La Santa Sede sull’inumazione di Franco
Le dichiarazioni del nunzio emerito in Spagna Renzo Fratini sull’esumazione dei resti di Francisco Franco “sono state espresse a titolo personale”. Lo sottolinea una nota del 17 luglio della Sala Stampa della Santa Sede.
La questione dell’esumazione era stata affrontata dal nunzio in una intervista con Europa Press in occasione del suo congedo. “Onestamente – aveva detto - ci sono così tanti problemi nel mondo e in Spagna, perché farlo risorgere? Lo hanno fatto risorgere. Sarebbe stato meglio lasciarlo in pace”
La Sala Stampa ricorda anche il nunzio “ha già smentito, a mezzo stampa, ogni intenzione di esprimere un giudizio su questioni politiche interne”.
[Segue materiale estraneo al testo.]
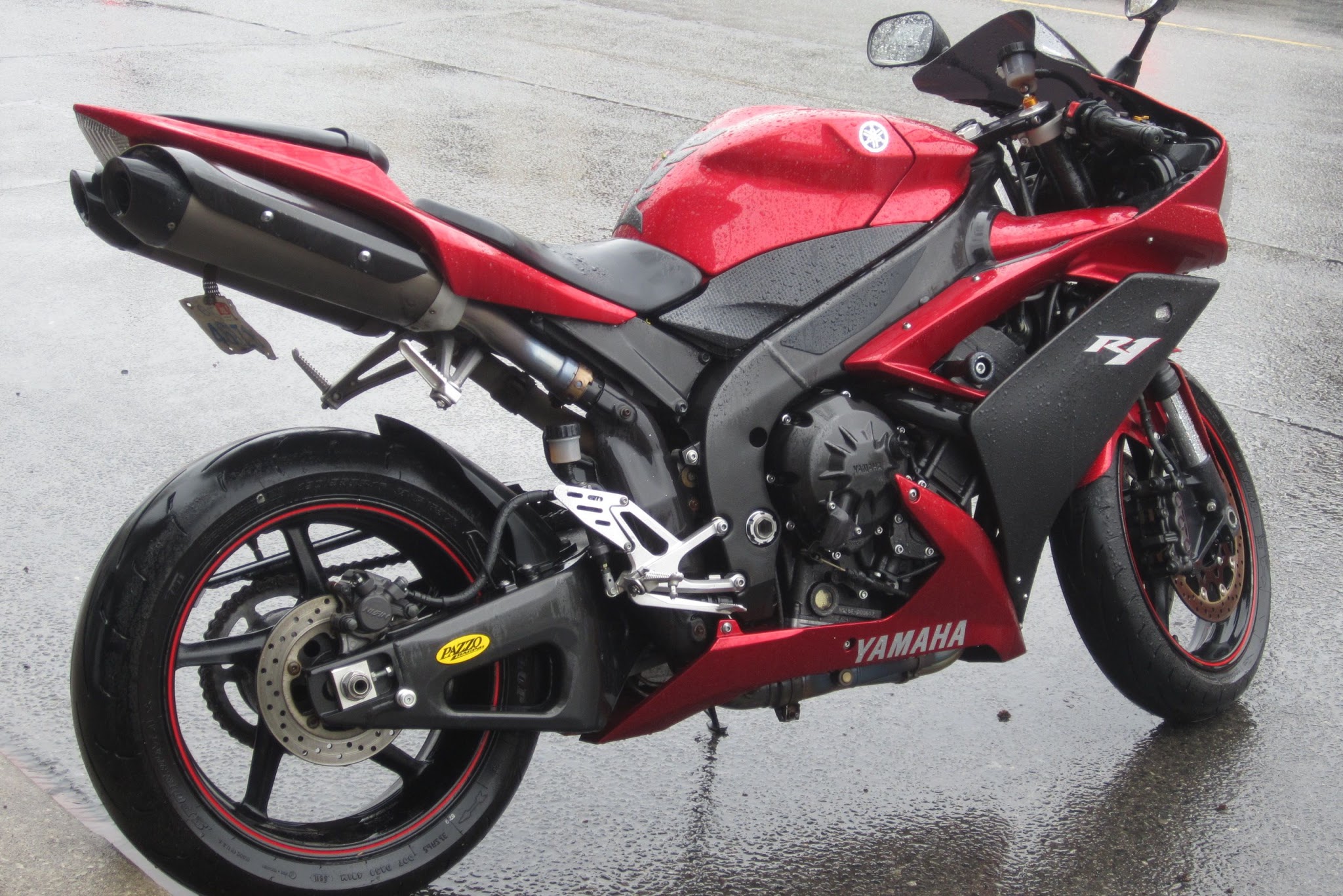 Here’s another, a red scooter. It had just rained so, this vehicle has been “glazed by rain,” it’s red, there is not a chicken in sight, unless you count me because I am not the sort who would ride a motorized cycle, although I admire all who do!!

Franco è attualmente sepolto nella Valle de los caidos, monumento nazionale dedicato ai caduti della guerra civile spagnola (1936-1939), ma lo scorso 4 giugno la Corte suprema spagnola ha deciso di sospendere la riesumazione dei resti di Francisco Franco, in attesa di valutare il ricorso della sua famiglia, che aveva espresso la volontà di portare le spoglie in uno spazio di loro proprietà nella cripta della cattedrale dell’Almudena di Madrid. Secondo l'esecutivo spagnolo, il cimitero di El Pardo, alla periferia di Madrid, dove è sepolta la moglie, garantiva condizioni di dignità e rispetto. Lo scorso agosto il governo socialista spagnolo aveva infatti approvato un decreto che apriva la strada alla riesumazione dei resti di Francisco Franco.
La Santa Sede ha già espresso la sua posizione in una lettera del Cardinale Pietro Paolin, segretario di Stato, alla vicepresidente del governo spagnolo, Carmen Calvo. La Sala Stampa della Santa Sede aveva fatto sapere che "il cardinale Pietro Parolin non si oppone alla riesumazione di Francisco Franco, se così deciso dalle autorità competenti; ma in nessun momento si è pronunciato sul luogo di sepoltura”.